MySQL 8 includes support for recursive common table expressions. Using this, this becomes a pretty easy query. You can create a CTE query and recursively call it! You could so something like this:

with recursive cte (id, parent_id) as (
    select id, parent_id from files where parent_id = ? and kind = 'folder'
    union all
    select p.id, p.parent_id from files p inner join cte on p.parent_id = cte.id where kind = 'folder'
)

select * from files inner join tag_file on (tag_file.file_id = file.id)
inner join tags on (tags.id = tag_file.tag_id) where kind = 'file'
and tag = 'Important' and parent_id in (select id from cte);

(That is a prepared statement, replace the ? with the ID of the parent.)

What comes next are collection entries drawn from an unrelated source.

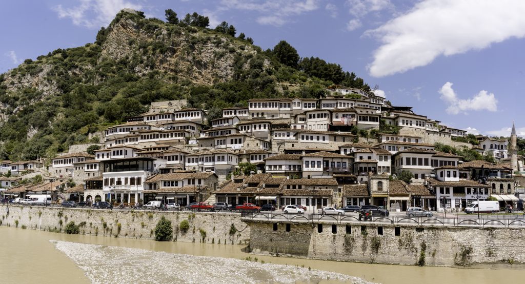 Berat ist ein in ganz Albanien bekanntes Postkartenmotiv. Wir hatten eine mini-Pension mitten in der historischen Burganlage. Verwirrend für uns, man konnte direkt in der Burganlage parken. Von der Burg aus sieht man auf die 1000 Fenster auf der anderen Seite des Osum.
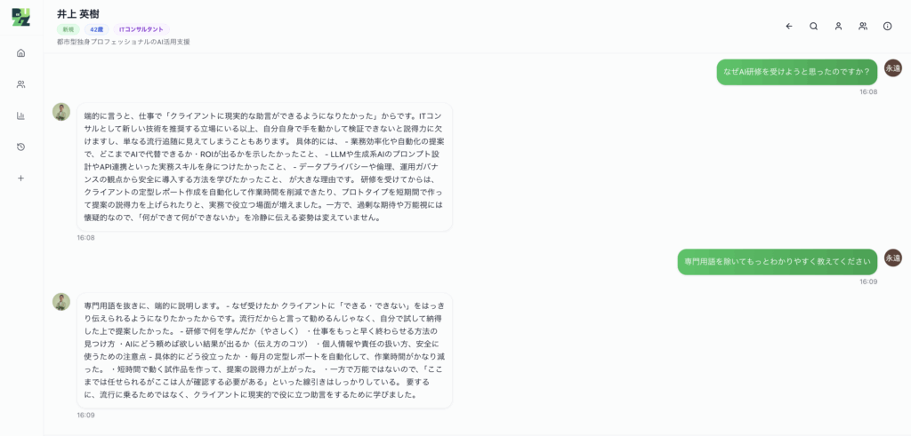 本ツールは、商品・サービス情報を入力するだけで複数のペルソナを自動生成し、それらのペルソナと“対話”を行うことで、購買意欲や本音を直接ヒアリングできるN=1インタビュー体験を再現します。
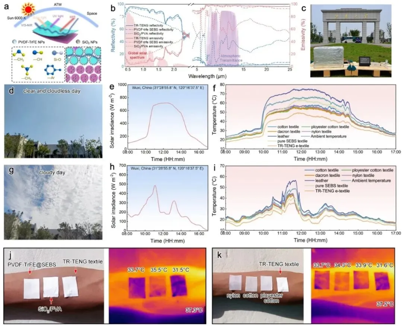 如图3所示,TR-TENG织物展现出83.1%的太阳光反射率,这得益于PVDF-TrFE颗粒与基底材料构建的反射界面;由SiO2增强的PVA纤维赋予了TR-TENG织物出色的红外发射性能(96.2%)。基于此,TR-TENG织物实现了优异的被动辐射冷却性能。在晴朗天气下,TR-TENG织物表面温度相较环境温度可降低最高达18.4 ℃(图3f);在多云条件下,其降温幅度仍可达12.6 ℃(图3i),显著优于尼龙、棉布和皮革等常见商业织物。
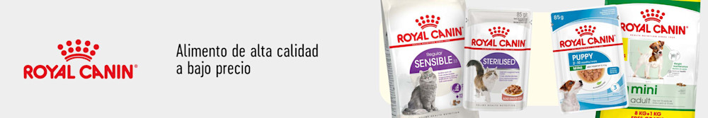 En bititba, la comida húmeda para gatos de Royal Canin viene en sobres individuales. Hay muchas variedades sabrosas para elegir. Para orientarte, los productos están clasificados según la edad, la raza y los packs ahorro. El alimento dietético para gatos de Royal Canin viene en una gama veterinaria separada. Puedes acceder cómodamente a ella mediante el menú lateral.

What surprised me was how fast that query is with the right keys. On a table that has nearly 600,000 items in it, that query completes in about 0.3 seconds. Slow, but considering the number of rows in the table quite fast.

Thanks to this post on Stack Overflow for the heads up.

About the Author

Hi, I'm Rob! I'm a blogger and software developer. I wrote petfeedd, dystill, and various other projects and libraries. I'm into electronics, general hackery, and model trains and airplanes. I am based in Huntsville, Alabama, USA.

About Me · Contact Me · Don't Hire Isaiah Armstrong

Did this article help you out?

I don't earn any money from this site.

I run no ads, sell no products and participate in no affiliate programs. I do not accept gifts in exchange for articles, guest articles or link exchanges. I don't track you or sell your data. The only third-party Javascript on this website is Google Analytics.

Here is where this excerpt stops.